Cierto chico se infiltró en su mente.
Elevó la cabeza y se perdió mirando al cielo, introduciendo una mano imaginaria en la pantalla que abarca al mundo. Cerró los ojos y dejó que los sonidos le acometieran sin violencia. Muchos eran ruidos transformándose en humo; otros eran interminables palabras que ya eran nada antes de salir de la boca. Entre aquello había cierta música inimitable. Un sonido de saxo real sonaba en la lejanía, lo más seguro que desde otra esquina. Se preguntó si a él le gustaría ir alguna vez a un club nocturno de jazz. Cómo lo disfrutaría el día que la dejaran entrar por edad.
Abrió la vista y quedó embelesada viendo pasar la marea revuelta de piernas. La ciudad era su océano; para todas las personas lo es, pero ella se sentía con más derecho a pensar así. Se vio como Crusoe en otra clase de historia, donde el mar tenía un tráfico constante de embarcaciones amarillas y negras que pasaban por delante de la isla solitaria. En cualquier momento podía abandonar la isla, pero no lo hacía.
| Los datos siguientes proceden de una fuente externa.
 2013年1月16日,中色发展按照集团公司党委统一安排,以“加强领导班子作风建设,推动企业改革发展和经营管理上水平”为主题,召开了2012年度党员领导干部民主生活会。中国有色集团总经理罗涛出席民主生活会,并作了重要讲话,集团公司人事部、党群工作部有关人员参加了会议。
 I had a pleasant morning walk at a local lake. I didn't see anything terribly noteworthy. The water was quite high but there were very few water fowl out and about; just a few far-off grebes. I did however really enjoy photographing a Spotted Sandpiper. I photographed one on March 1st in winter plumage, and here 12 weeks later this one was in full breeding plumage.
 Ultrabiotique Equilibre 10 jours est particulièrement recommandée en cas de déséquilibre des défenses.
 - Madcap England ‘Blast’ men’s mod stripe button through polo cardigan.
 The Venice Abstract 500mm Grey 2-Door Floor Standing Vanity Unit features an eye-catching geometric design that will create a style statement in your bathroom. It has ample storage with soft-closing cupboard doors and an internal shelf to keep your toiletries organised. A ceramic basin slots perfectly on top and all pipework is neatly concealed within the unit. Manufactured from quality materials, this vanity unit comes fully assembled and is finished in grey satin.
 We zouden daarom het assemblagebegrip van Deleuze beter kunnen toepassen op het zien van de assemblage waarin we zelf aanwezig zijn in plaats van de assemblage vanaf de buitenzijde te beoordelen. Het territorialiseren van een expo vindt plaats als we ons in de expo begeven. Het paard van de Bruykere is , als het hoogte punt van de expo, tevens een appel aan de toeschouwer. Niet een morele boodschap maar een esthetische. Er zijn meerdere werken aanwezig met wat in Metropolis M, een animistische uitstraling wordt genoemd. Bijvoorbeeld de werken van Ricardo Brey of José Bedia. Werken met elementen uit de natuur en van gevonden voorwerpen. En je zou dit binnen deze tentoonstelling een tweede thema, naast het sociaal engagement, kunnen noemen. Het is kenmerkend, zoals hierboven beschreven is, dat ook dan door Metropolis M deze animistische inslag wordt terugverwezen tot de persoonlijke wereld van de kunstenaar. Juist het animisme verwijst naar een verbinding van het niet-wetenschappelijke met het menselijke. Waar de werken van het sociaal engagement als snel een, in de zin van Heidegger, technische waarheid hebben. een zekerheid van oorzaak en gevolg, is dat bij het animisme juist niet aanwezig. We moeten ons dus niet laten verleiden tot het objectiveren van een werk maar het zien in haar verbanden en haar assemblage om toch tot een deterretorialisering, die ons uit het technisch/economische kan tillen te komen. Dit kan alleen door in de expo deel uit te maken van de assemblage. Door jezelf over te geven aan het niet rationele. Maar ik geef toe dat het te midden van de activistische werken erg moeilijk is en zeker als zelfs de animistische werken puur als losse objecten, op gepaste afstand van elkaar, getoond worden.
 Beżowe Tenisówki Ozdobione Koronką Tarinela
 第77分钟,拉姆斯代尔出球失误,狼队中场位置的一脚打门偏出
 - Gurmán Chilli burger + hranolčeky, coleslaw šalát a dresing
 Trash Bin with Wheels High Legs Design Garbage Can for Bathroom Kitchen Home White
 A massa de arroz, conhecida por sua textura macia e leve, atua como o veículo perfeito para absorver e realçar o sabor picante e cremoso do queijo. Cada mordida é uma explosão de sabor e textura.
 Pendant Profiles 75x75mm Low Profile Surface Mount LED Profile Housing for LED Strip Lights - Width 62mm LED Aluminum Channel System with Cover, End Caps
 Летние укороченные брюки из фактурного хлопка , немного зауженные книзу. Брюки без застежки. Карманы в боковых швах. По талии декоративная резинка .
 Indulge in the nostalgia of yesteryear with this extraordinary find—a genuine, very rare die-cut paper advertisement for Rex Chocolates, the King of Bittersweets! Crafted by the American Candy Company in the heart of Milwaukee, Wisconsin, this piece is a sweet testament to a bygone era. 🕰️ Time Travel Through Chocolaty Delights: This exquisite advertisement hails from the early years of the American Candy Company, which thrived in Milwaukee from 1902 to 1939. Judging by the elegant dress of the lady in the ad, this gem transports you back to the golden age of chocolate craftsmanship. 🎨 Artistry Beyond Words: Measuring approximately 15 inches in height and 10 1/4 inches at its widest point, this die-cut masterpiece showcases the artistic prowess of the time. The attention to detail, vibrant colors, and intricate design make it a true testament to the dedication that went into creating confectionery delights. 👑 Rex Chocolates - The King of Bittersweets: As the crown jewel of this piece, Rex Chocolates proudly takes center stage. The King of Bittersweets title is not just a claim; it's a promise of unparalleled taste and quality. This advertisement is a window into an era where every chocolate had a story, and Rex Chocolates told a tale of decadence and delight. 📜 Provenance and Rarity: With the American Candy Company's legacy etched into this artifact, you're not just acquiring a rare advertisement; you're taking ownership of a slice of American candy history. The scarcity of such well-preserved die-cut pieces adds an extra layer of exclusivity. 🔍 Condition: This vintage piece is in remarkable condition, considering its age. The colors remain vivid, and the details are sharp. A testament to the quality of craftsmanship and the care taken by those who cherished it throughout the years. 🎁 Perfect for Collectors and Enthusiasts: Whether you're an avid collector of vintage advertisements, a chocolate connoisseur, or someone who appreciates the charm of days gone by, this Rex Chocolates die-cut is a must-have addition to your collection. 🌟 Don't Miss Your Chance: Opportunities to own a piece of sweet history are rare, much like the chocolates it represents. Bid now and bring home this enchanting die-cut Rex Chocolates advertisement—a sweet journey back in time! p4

Miles de pensamientos se hicieron añicos cuando el móvil de Elis emitió sonido. Lo sacó para comprobar que era Gigi saludando: “Hola! T apetece hablar?”. Elis se giró dirección a la pareja, pero ya habían desaparecido por alguna esquina hacia otro mundo hecho calle. Tardó en contestar al chico.
Una nueva moneda llovió cerca de la otra, situada aún en el mismo punto. Quedaron como si se estuviesen observando, analíticas y a la espera por lo que tuviese que acontecer. Elis resopló. Con ambas le daría para otro café.